— Да. И поэтому — все сегодняшние беды. А нравственное чувство даётся человеку с рождения. Но информация это чувство глушит, глушит, и человек утрачивает свою природную мудрость. И ещё человек утрачивает родное слово. Русский — русское. Француз — французское. Например, если сравнивать наше сознание с айсбергом, то подводная его часть — это то, что впитано с молоком матери, то, что составляет наше «я». Мы же, сужая свой словарь, перестаём подводную глубинную часть чувствовать. Вот, допустим, слуга Хлестакова — Осип — укладывает чемодан, приговаривает: «Верёвочка? И верёвочку давай сюда!» Что это такое? Как можно понять Осипа иностранцу? За стяжателя его принять?
— Тут не только слово, а ещё как он его произнёс…
— Это надо воспринимать не как информацию о том, жадный или не жадный Осип, а как стихию языка!
— Да, всё, что невозможно ни объяснить, ни обозначить, что можно только знать или не знать — вот это невидимое, — наверно, и есть та великая глина, из которой Бог слепил человека. Потеряем её — окажемся слепленными неизвестно из чего.
— Потому-то и понимаем мы иногда иностранцев по жесту, по мимике. На глубинном уровне индивидуальное, национальное всё же позволяет душам соприкасаться. А вот когда происходит нивелировка, когда оттенки национальные и индивидуальные стираются, когда люди становятся очень вроде бы похожими друг на друга, то происходит странное: им нечем выразить свою душу. Тогда и словами, и жестами они могут только информировать друг друга, как роботы.
— Получается, что косноязычие обыкновенной беседы таит больше смысловых оттенков, чем общение с телевизором, чтение умной статьи…
— В беседе у нас и жесты, и интонация, и улыбки… Помнишь, Достоевский писал, как двое мастеровых объяснялись, используя только одно слово, которое на заборах пишут?

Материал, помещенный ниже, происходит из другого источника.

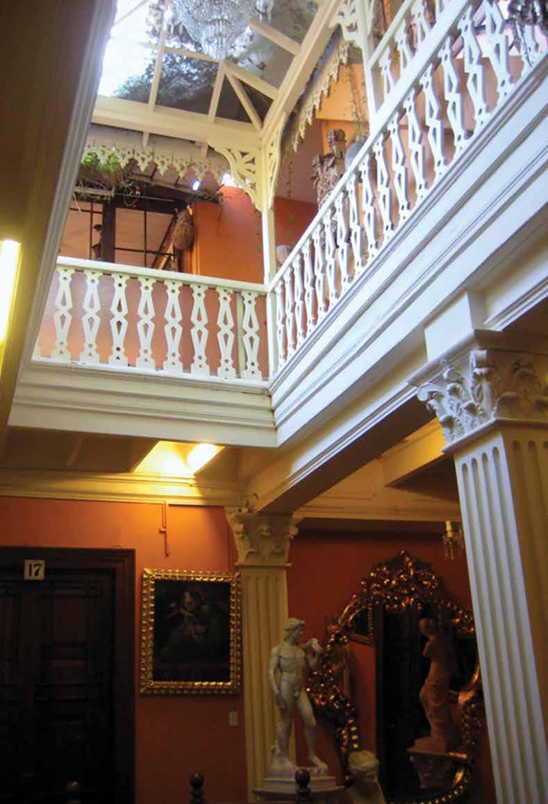 taip pat sunkiuose, įmantriuose rėmuose, – kažkodėl kabančių beveik palubėje ir praktiškai neatliekančių savo funkcijos – nė viename, net pasistiebus ant pirštų galiukų, pamatyti savo atvaizdo nepasisekė. O kur dar gausybė gipsinių skulptūrų, tarp kurių jau per pirmas kelias minutes nustebusios akys aptinka bent šešis Mikelandželo Dovydus. Tikra dovydomanija... Ant plačių ir aukštų dvivėrių kiekvieno kambario durų, su langu viršuje žvelgiančių į koridorių, vietoje mums įprastų užraktų kabo masyvios geležinės spynos, o ilgame koridoriuje už geležinių, spyna užrakintų grotų smagiai nuteikia „seifas“ – mediniai stalčiukai su prie kiekvieno kabančiomis parūdijusiomis spynomis. Sunku suskaičiuoti, kiek aukštų turi dvarelis – erdvus, aukštas centrinis holas atviras per juos visus, taigi iš pirmojo aukšto matyti lyg ir trys ratu aplink holą besisukantys aukštai. Pačiame viršuje – stiklinis stogas, dengiantis tik holą, o jo šonuose šviečia kraštelis atviro dangaus. Kaip kokie sąmokslininkai –patenkinti, neįstengdami paslėpti šypsenų ir nuostabos vis susižvalgome tarpusavyje. Čia tai bent...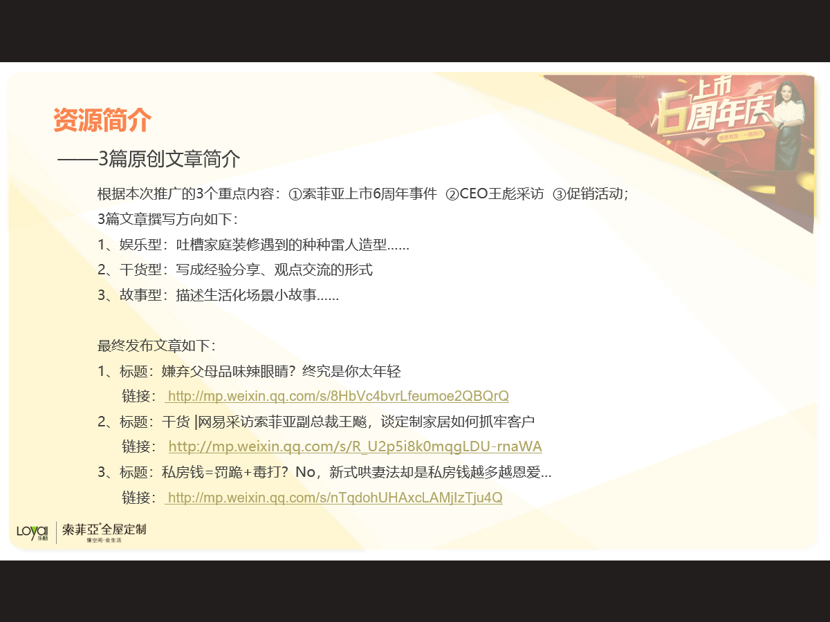 为索菲亚上市6周年造势,同时推广该事件促销活动,以达到广而告之的目的,从而提升品牌知名度和影响力。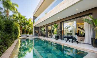 Designed to blend harmoniously into an exceptional natural environment, these 18 single-storey villas feature modern, uncluttered architecture. Each villa is unique. Carefully designed by renowned architects, they offer generous interior volumes bathed in light, opening onto terraces, patios and gardens. The harmony between modernity, clean lines and noble materials creates warm, functional and timeless living spaces. These villas are built on a 1,009m² plot and offer 330m² of living space. An entrance hall, a spacious double reception room with fireplace and bay windows opening directly onto the swimming pool. A fully-equipped open-plan kitchen (wall and base units, worktops, integrated appliances) opens onto the living room to create a fluid, convivial space. Four en-suite bedrooms with private bathrooms, including a master suite with dressing room. Private swimming pool: 11 m x 3.50 m, south-facing. Gardens: large green spaces with decorative Japanese gardens. Terraces: direct access from all living room and suite windows. An upscale residential project combining elegance, comfort and absolute serenity.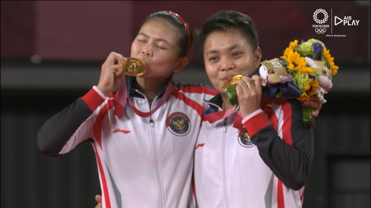 Jawaposnews.id. Japan – Musashino Forest Plaza, 2 Agustus 2021. Ganda Putri Bulu Tangkis Indonesia berhasil meraih emas pertama untuk Indonesia dengan skor 21-13 21-15
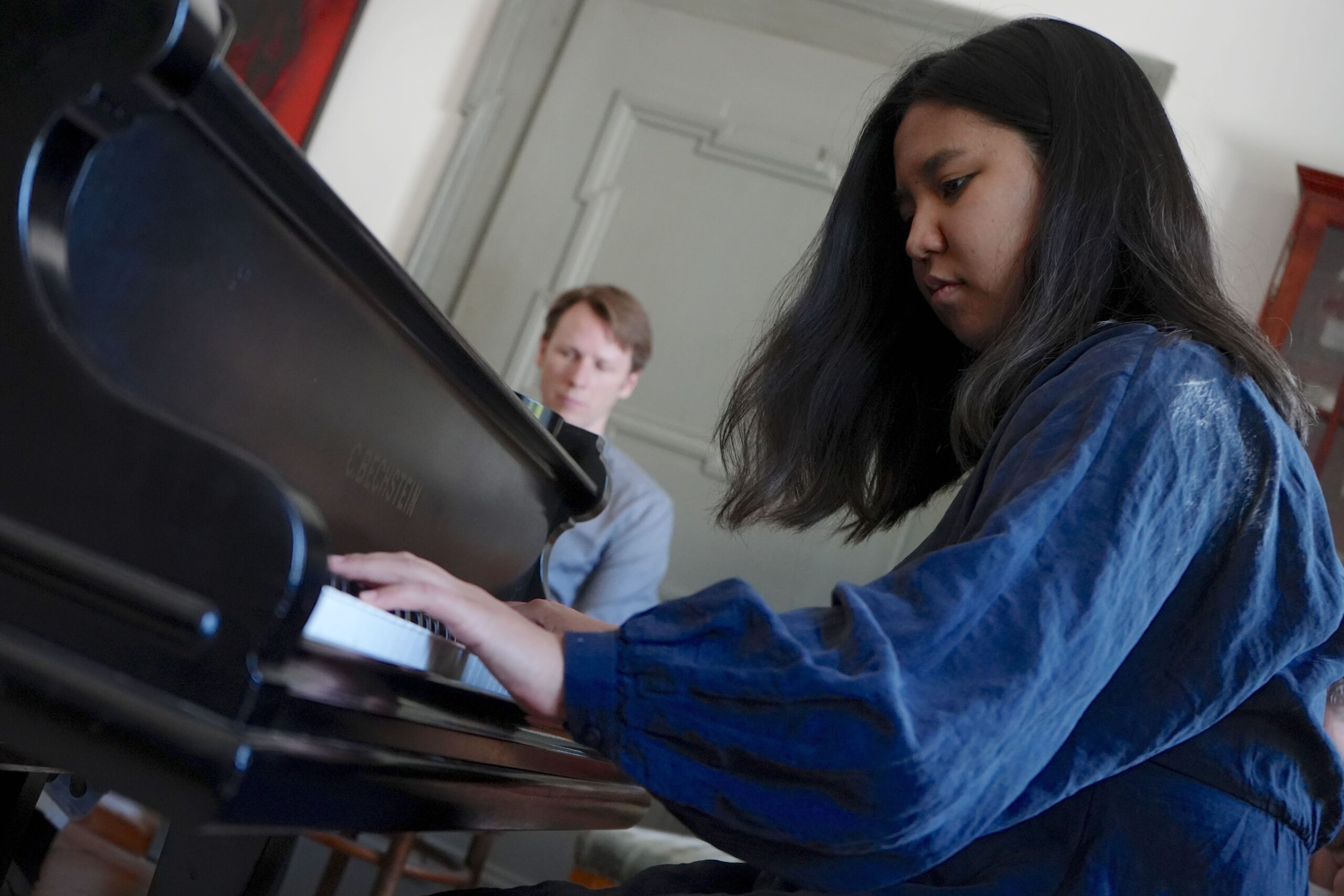 Der Pfarrhof wurde einer der Spielorte, in dessen Privaträume die Witwe des Komponisten Gerhilde Winbeck mit charmanter Grandezza einlud. Die Pianistin Shuteen Erdenebaatar und das Duo Manuel Adt und Kathrin Isabelle Klein präsentierten im Salon des Hauses Stücke aus eigener Feder, von Kokurator und Moderator der Veranstaltung Henrik Ajax und von Adriana Hölszky, ernst dunkle, aber auch schweifend harmonisch schwelgende Klavierexkurse mit der Tendenz, im Hören aus den Räumen hinaus in eine Welt zwischen Abstraktion und Emotion zu führen. Das Publikum genoss Musik und Stimmung zwanglos über die Räume verteilt, ein schon beinahe surreales Kontrasterlebnis von intellektueller, interpretatorischer Verdichtung und regionaler, lebensweltlicher Präsenz.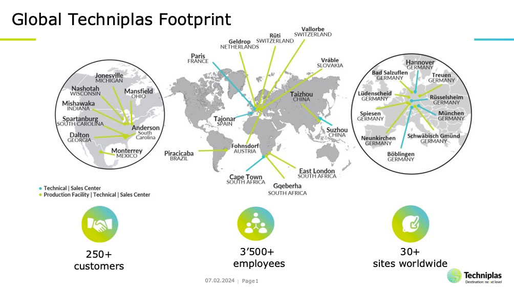 Techniplas 集团成立于 2009 年。Techniplas International 总部位于瑞士吕蒂,Techniplas North America 总部位于威斯康星州 Nashotah。
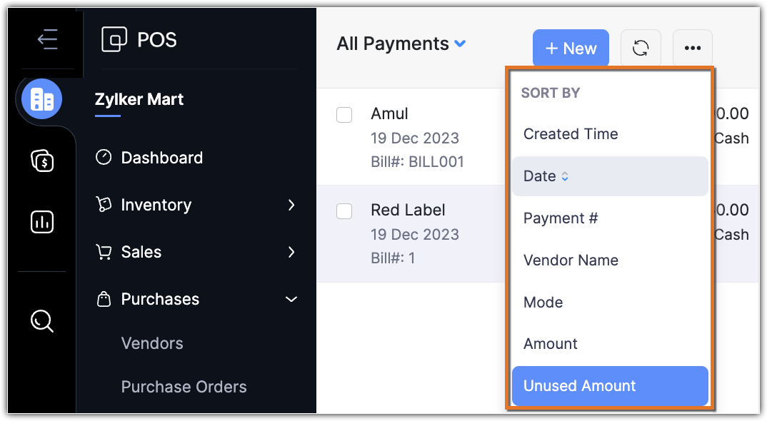 Created Time, Date, Payment Number, Vendor Name, Amount, Mode, and Unused Amount. To sort records, click the More icon in the Module list view and select the appropriate field.

— И когда живое общение друг с другом мы заменили телевизором, то…
— …довольствуемся лишь суррогатом жизни, теряем свои глубинные основы, становимся примитивными и легко управляемыми.
— Тогда для меня становится понятным и то, почему возникновению диктаторских режимов обычно предшествует расцвет так называемой авангардистской живописи. Одно дело Шишкин с его предельным вниманием к изображаемому, и совсем другое дело — авангардист, для которого изображаемый предмет является лишь предметом для самовыражения. Он не чувствует, не видит собственную суть этого объекта, как, скажем, вчерашние и сегодняшние реформаторы, увлечённые сомнительными идеями, не чувствуют, что режут по живому, по людским судьбам и жизням. В Южной Осетии кровь льётся — но это их замыслам не противоречит, и они молчат. А стрельба в Прибалтике их карты путает, и они вдруг завопили о правах человека
…Нынешняя авангардистская литература, живопись — это как бы психологическая подготовка к утверждению какого-нибудь плоского словца, большего, чем чья-нибудь жизнь, чем чья-нибудь слеза. И пусть мне кто-то это словцо скажет вот так, сидя рядом со мной, — ведь не решится! А по телевизору — произнесут, не постесняются. И когда мы привыкаем к телевизору, то словно теряем собственную волю, нам любопытны они, мы забываем о себе.